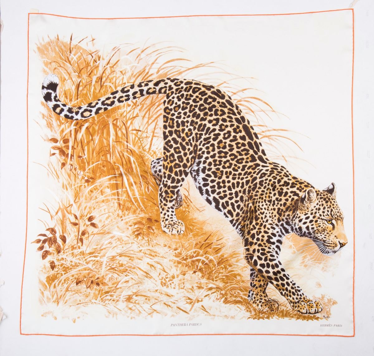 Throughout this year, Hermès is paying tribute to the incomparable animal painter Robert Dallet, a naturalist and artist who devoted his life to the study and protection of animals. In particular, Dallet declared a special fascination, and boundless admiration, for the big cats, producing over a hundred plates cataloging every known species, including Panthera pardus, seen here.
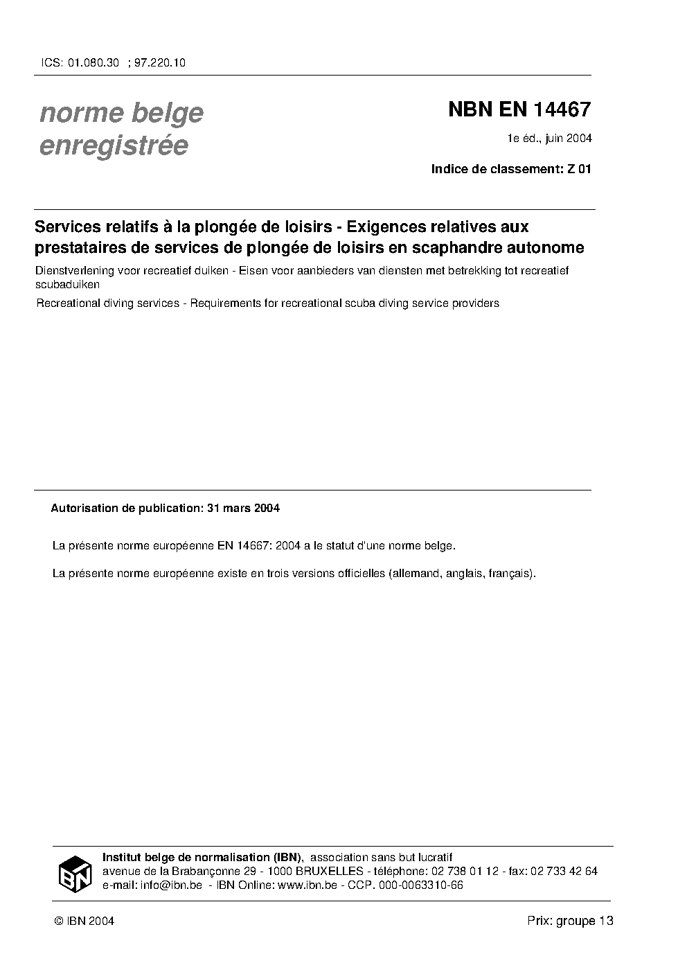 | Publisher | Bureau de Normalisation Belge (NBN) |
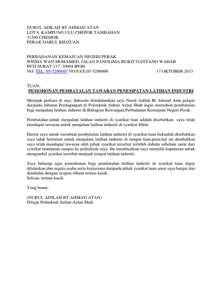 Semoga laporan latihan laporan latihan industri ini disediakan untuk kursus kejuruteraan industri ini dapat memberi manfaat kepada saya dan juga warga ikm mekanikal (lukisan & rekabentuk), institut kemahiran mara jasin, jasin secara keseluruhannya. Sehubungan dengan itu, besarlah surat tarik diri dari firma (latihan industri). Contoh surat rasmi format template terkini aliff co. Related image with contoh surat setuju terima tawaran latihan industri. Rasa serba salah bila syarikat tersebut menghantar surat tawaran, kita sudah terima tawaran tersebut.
...
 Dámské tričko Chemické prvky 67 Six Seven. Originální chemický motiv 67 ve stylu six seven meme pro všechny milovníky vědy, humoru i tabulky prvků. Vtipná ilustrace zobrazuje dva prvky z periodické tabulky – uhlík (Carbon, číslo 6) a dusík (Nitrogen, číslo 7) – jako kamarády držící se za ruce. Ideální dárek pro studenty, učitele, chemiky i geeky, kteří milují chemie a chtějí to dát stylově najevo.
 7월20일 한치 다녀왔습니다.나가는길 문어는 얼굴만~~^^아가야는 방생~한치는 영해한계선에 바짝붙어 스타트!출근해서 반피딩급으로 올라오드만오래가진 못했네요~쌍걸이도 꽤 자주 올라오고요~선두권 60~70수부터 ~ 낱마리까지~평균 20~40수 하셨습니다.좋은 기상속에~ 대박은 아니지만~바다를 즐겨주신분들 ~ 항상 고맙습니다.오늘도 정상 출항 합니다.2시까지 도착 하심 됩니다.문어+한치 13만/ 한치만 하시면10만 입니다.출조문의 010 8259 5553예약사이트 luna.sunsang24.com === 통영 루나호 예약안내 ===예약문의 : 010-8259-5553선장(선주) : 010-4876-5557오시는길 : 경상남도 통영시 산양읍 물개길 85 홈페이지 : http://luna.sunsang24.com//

**WHAT IS NEEDED:**
Using the data above, transcribe exactly the lines between those containing "Throughout this year, Hermès" and "Belge (NBN) |", inclusive, and leave every picture behind.

**TASK SOLUTION:**
 Throughout this year, Hermès is paying tribute to the incomparable animal painter Robert Dallet, a naturalist and artist who devoted his life to the study and protection of animals. In particular, Dallet declared a special fascination, and boundless admiration, for the big cats, producing over a hundred plates cataloging every known species, including Panthera pardus, seen here.
 | Publisher | Bureau de Normalisation Belge (NBN) |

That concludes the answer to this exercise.